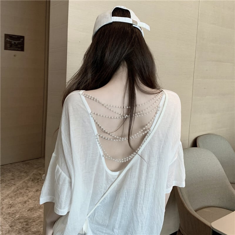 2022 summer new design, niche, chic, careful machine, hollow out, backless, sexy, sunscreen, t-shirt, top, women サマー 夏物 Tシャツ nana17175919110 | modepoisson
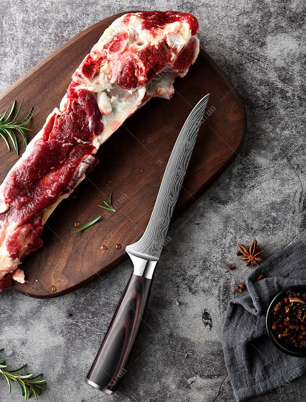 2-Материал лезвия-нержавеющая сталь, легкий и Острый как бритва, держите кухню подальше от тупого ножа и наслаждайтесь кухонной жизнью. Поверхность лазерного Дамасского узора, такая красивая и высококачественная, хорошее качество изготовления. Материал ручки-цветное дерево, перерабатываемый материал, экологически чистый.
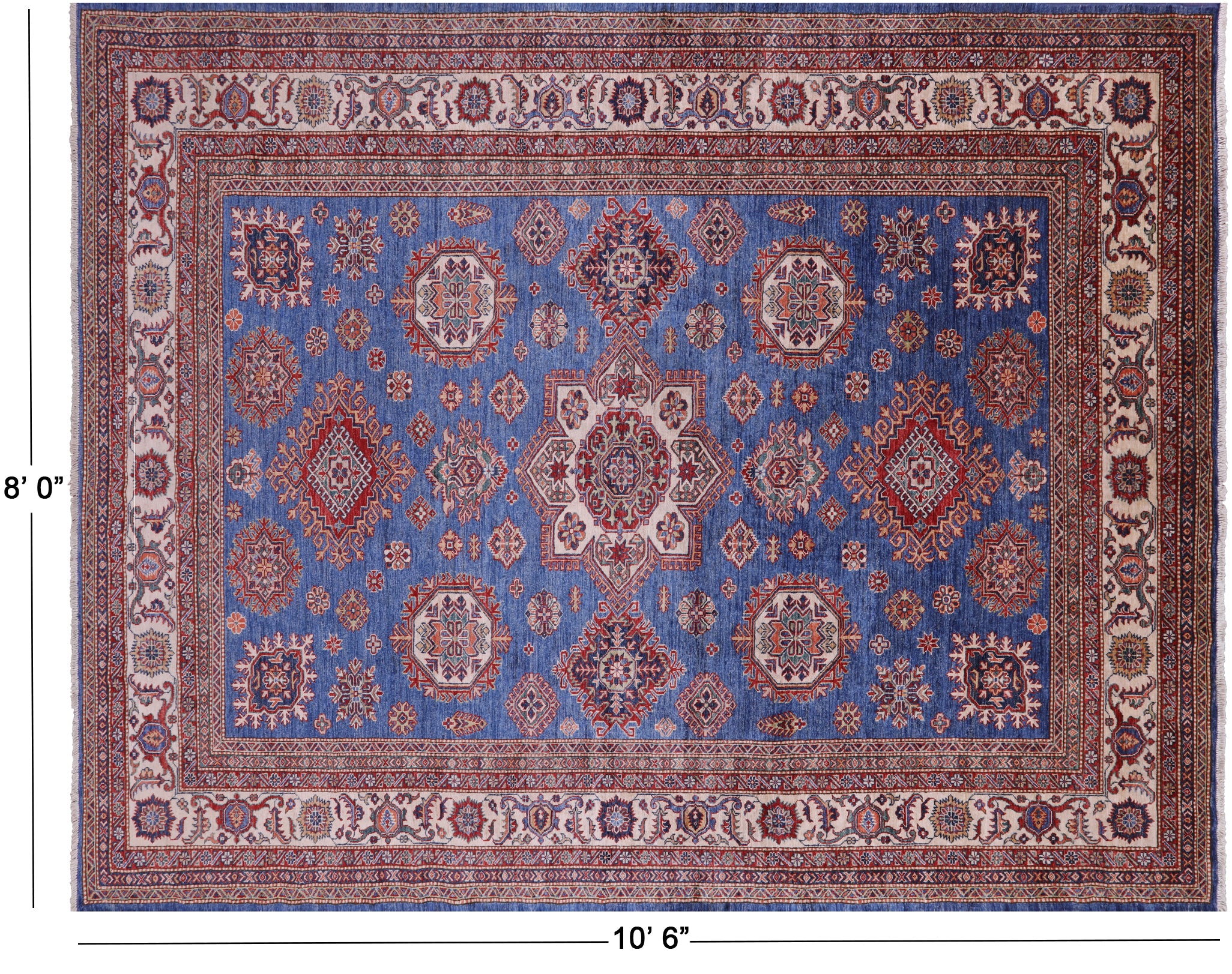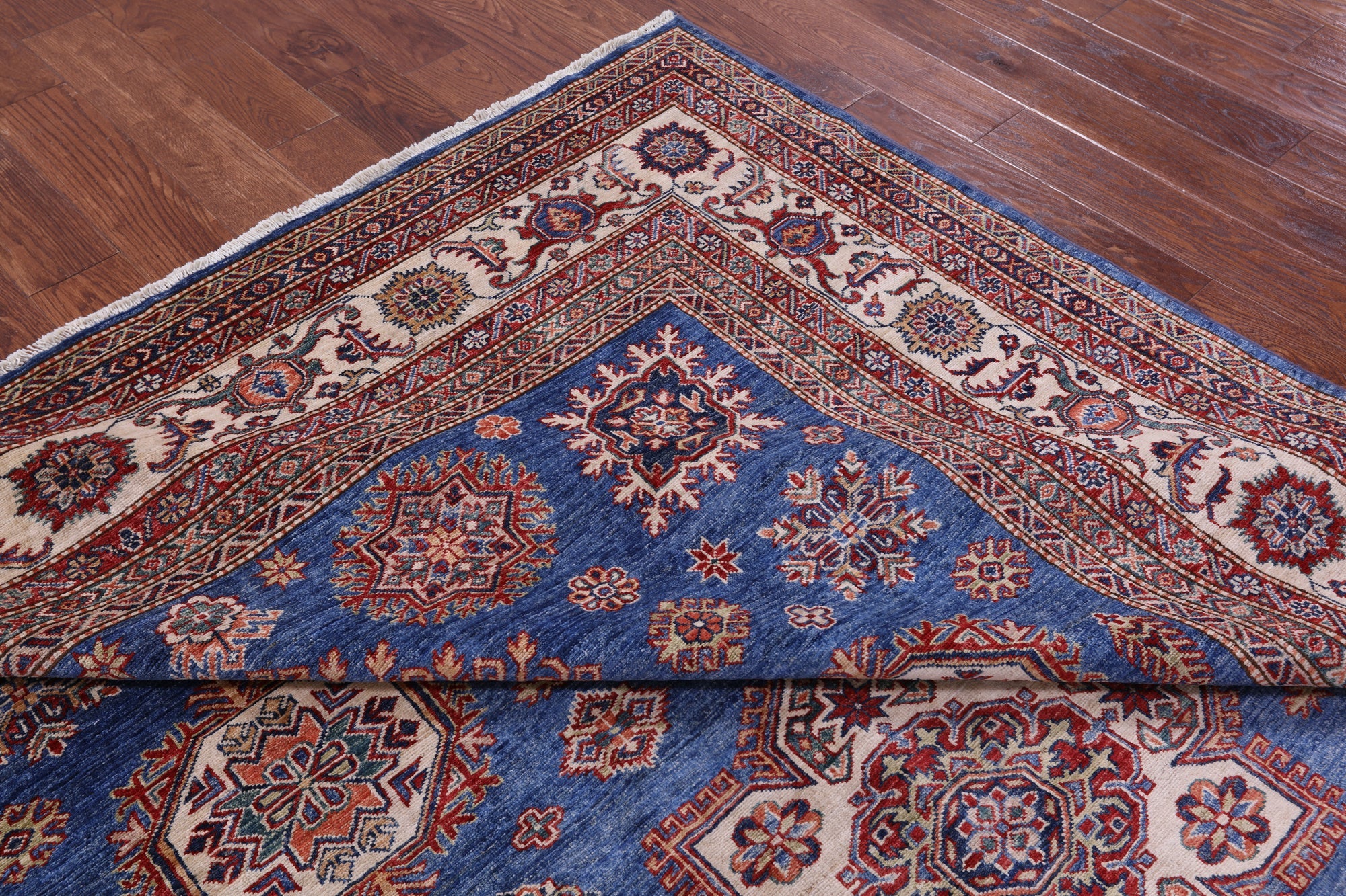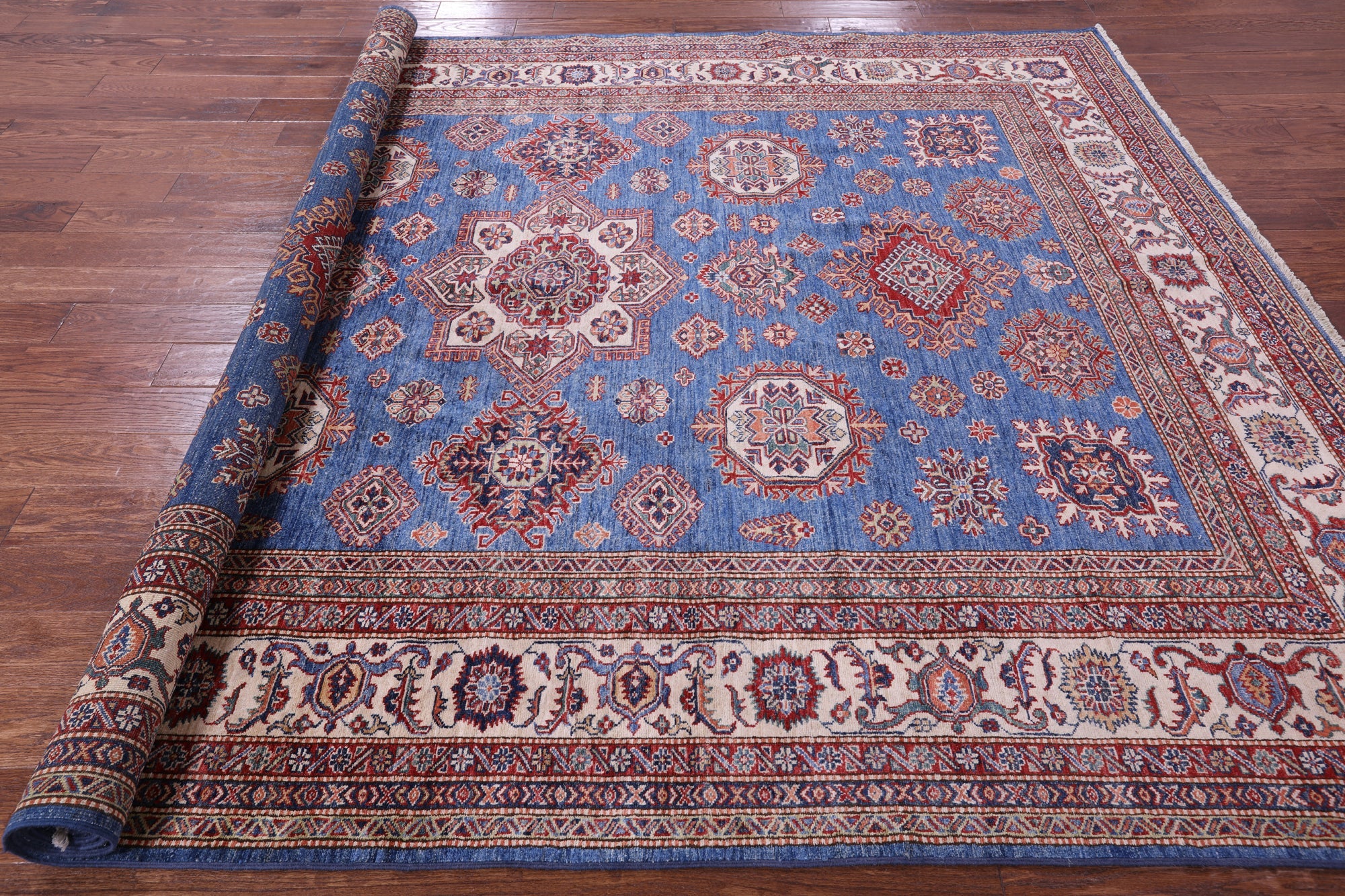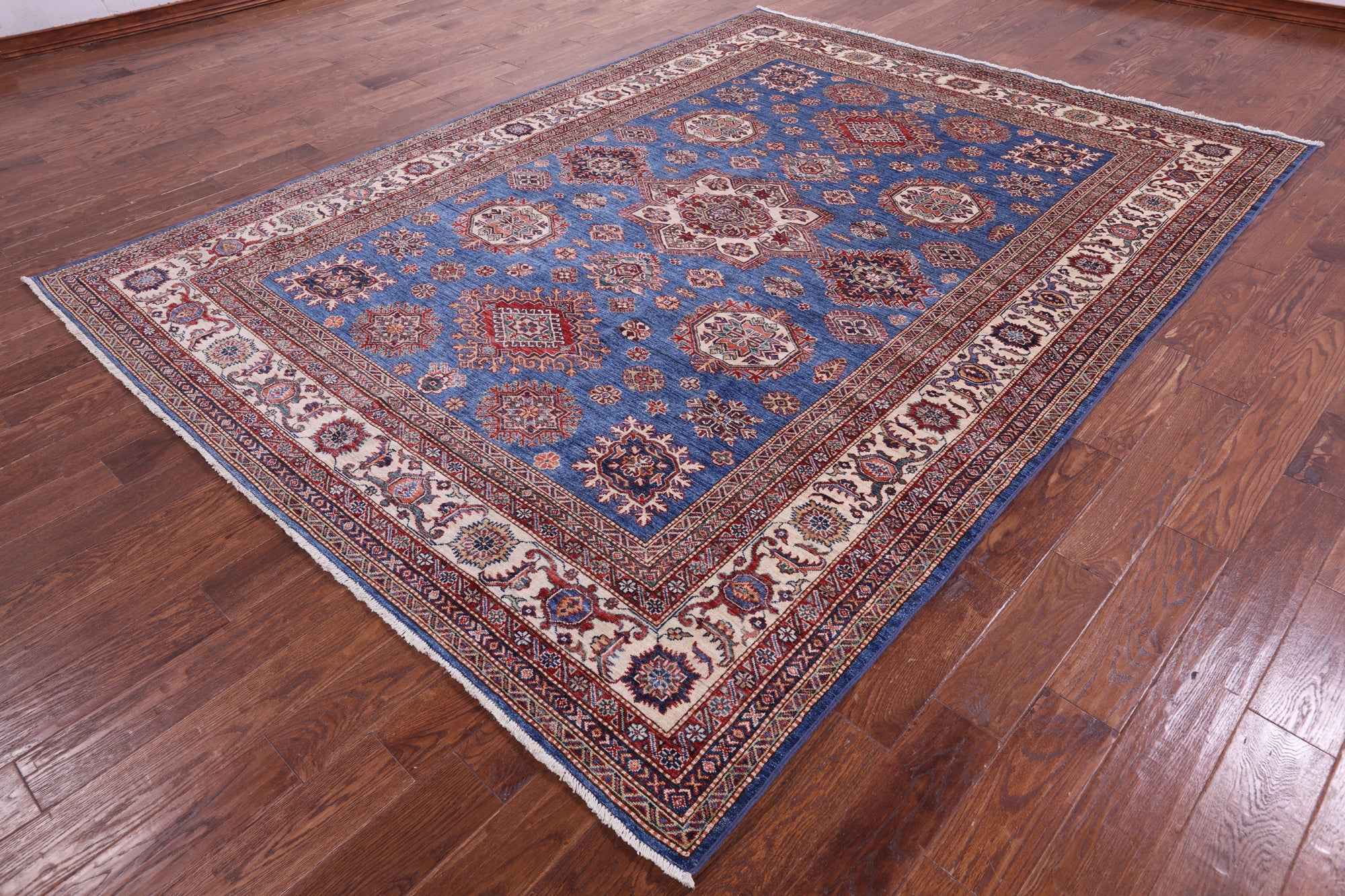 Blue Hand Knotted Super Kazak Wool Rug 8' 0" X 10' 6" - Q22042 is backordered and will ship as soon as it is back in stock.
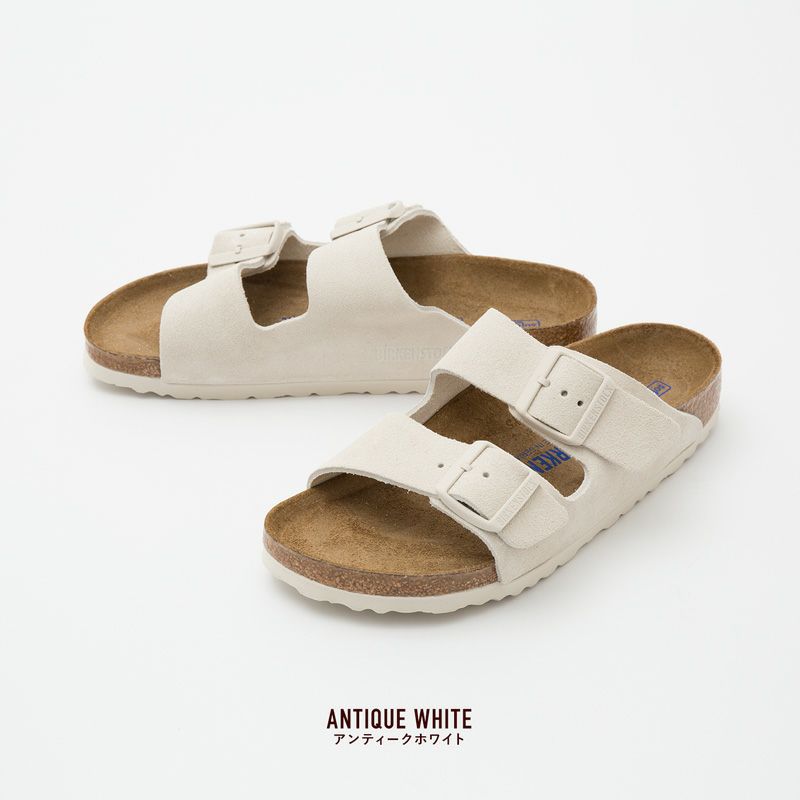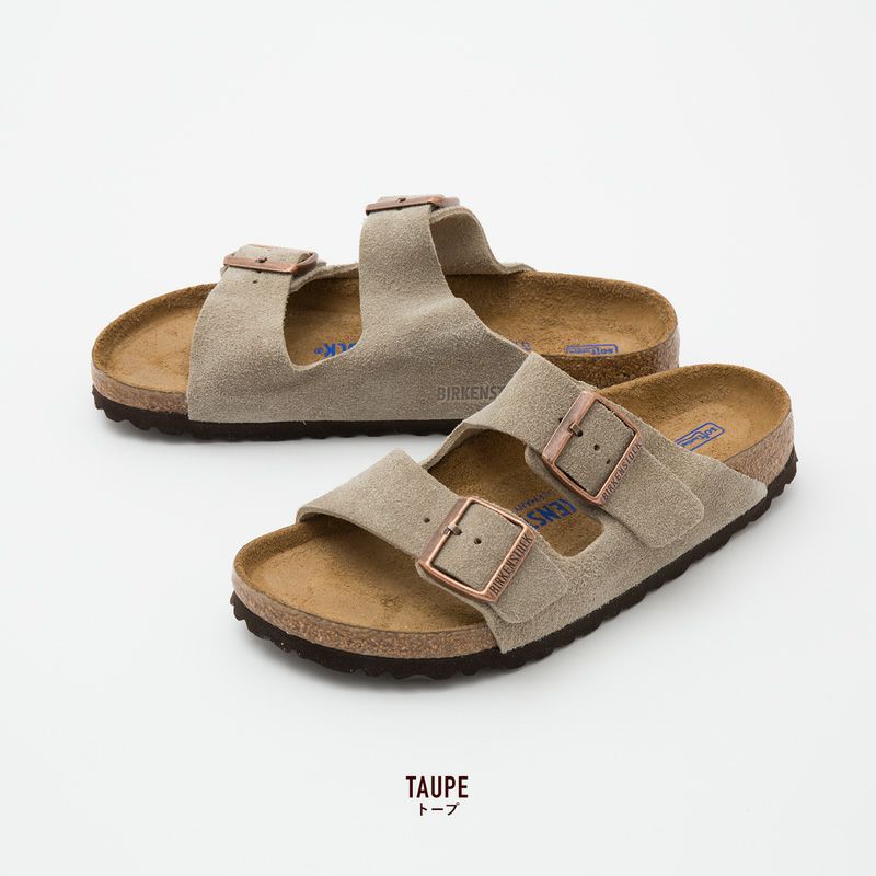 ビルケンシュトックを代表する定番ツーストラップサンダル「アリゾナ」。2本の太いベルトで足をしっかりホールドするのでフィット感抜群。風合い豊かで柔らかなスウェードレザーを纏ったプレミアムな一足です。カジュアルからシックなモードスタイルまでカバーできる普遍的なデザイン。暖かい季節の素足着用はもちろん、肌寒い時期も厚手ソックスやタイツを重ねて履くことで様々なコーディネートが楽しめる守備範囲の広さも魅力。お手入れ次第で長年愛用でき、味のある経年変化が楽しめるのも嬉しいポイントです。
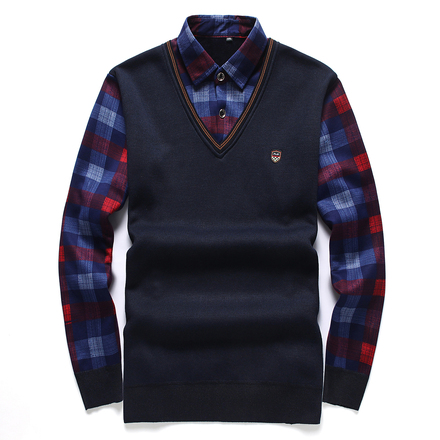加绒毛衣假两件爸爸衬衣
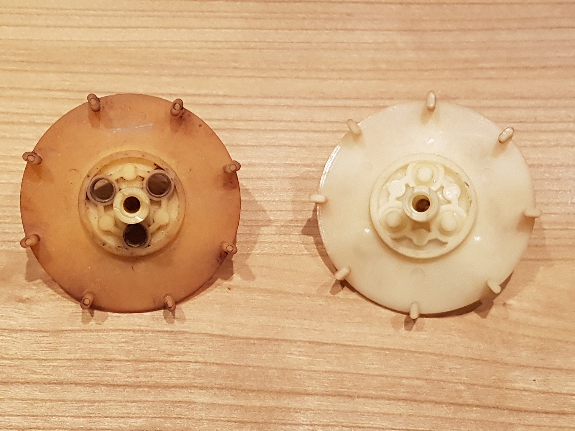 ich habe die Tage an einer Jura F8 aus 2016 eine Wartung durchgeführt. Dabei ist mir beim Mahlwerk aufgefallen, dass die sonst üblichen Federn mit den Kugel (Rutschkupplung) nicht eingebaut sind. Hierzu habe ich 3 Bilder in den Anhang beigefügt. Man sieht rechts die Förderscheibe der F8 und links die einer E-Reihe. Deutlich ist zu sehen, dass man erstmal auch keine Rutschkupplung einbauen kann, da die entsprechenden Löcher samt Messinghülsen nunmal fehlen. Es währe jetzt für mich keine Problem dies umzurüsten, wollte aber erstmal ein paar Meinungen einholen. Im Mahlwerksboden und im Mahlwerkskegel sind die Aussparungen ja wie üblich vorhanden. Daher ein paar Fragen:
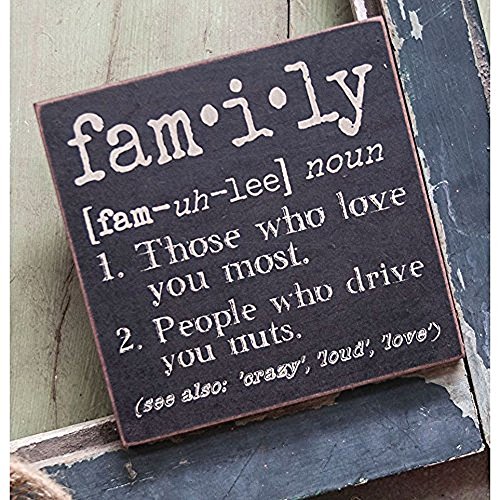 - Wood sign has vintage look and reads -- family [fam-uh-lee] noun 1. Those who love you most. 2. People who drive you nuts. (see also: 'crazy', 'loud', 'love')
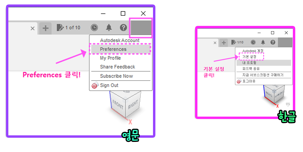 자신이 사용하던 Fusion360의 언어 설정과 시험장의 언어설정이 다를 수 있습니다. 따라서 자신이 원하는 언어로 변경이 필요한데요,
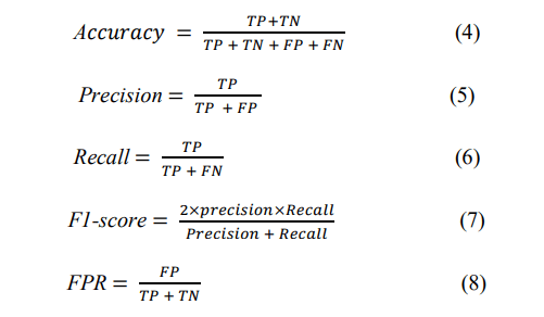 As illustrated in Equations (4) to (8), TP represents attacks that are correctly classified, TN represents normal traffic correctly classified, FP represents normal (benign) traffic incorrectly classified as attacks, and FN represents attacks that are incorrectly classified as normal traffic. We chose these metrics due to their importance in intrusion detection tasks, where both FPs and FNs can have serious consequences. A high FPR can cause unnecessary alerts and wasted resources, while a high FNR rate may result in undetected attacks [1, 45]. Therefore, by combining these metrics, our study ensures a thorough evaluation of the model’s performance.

EXERCISE DETAILS ->
Repeat each line of the material exactly, please, and skip every picture.

SOLUTION TO THE EXERCISE ->
 2022 summer new design, niche, chic, careful machine, hollow out, backless, sexy, sunscreen, t-shirt, top, women サマー 夏物 Tシャツ nana17175919110 | modepoisson
 2-Материал лезвия-нержавеющая сталь, легкий и Острый как бритва, держите кухню подальше от тупого ножа и наслаждайтесь кухонной жизнью. Поверхность лазерного Дамасского узора, такая красивая и высококачественная, хорошее качество изготовления. Материал ручки-цветное дерево, перерабатываемый материал, экологически чистый.
 Blue Hand Knotted Super Kazak Wool Rug 8' 0" X 10' 6" - Q22042 is backordered and will ship as soon as it is back in stock.
 ビルケンシュトックを代表する定番ツーストラップサンダル「アリゾナ」。2本の太いベルトで足をしっかりホールドするのでフィット感抜群。風合い豊かで柔らかなスウェードレザーを纏ったプレミアムな一足です。カジュアルからシックなモードスタイルまでカバーできる普遍的なデザイン。暖かい季節の素足着用はもちろん、肌寒い時期も厚手ソックスやタイツを重ねて履くことで様々なコーディネートが楽しめる守備範囲の広さも魅力。お手入れ次第で長年愛用でき、味のある経年変化が楽しめるのも嬉しいポイントです。
加绒毛衣假两件爸爸衬衣
 ich habe die Tage an einer Jura F8 aus 2016 eine Wartung durchgeführt. Dabei ist mir beim Mahlwerk aufgefallen, dass die sonst üblichen Federn mit den Kugel (Rutschkupplung) nicht eingebaut sind. Hierzu habe ich 3 Bilder in den Anhang beigefügt. Man sieht rechts die Förderscheibe der F8 und links die einer E-Reihe. Deutlich ist zu sehen, dass man erstmal auch keine Rutschkupplung einbauen kann, da die entsprechenden Löcher samt Messinghülsen nunmal fehlen. Es währe jetzt für mich keine Problem dies umzurüsten, wollte aber erstmal ein paar Meinungen einholen. Im Mahlwerksboden und im Mahlwerkskegel sind die Aussparungen ja wie üblich vorhanden. Daher ein paar Fragen:
 - Wood sign has vintage look and reads -- family [fam-uh-lee] noun 1. Those who love you most. 2. People who drive you nuts. (see also: 'crazy', 'loud', 'love')
 자신이 사용하던 Fusion360의 언어 설정과 시험장의 언어설정이 다를 수 있습니다. 따라서 자신이 원하는 언어로 변경이 필요한데요,
 As illustrated in Equations (4) to (8), TP represents attacks that are correctly classified, TN represents normal traffic correctly classified, FP represents normal (benign) traffic incorrectly classified as attacks, and FN represents attacks that are incorrectly classified as normal traffic. We chose these metrics due to their importance in intrusion detection tasks, where both FPs and FNs can have serious consequences. A high FPR can cause unnecessary alerts and wasted resources, while a high FNR rate may result in undetected attacks [1, 45]. Therefore, by combining these metrics, our study ensures a thorough evaluation of the model’s performance.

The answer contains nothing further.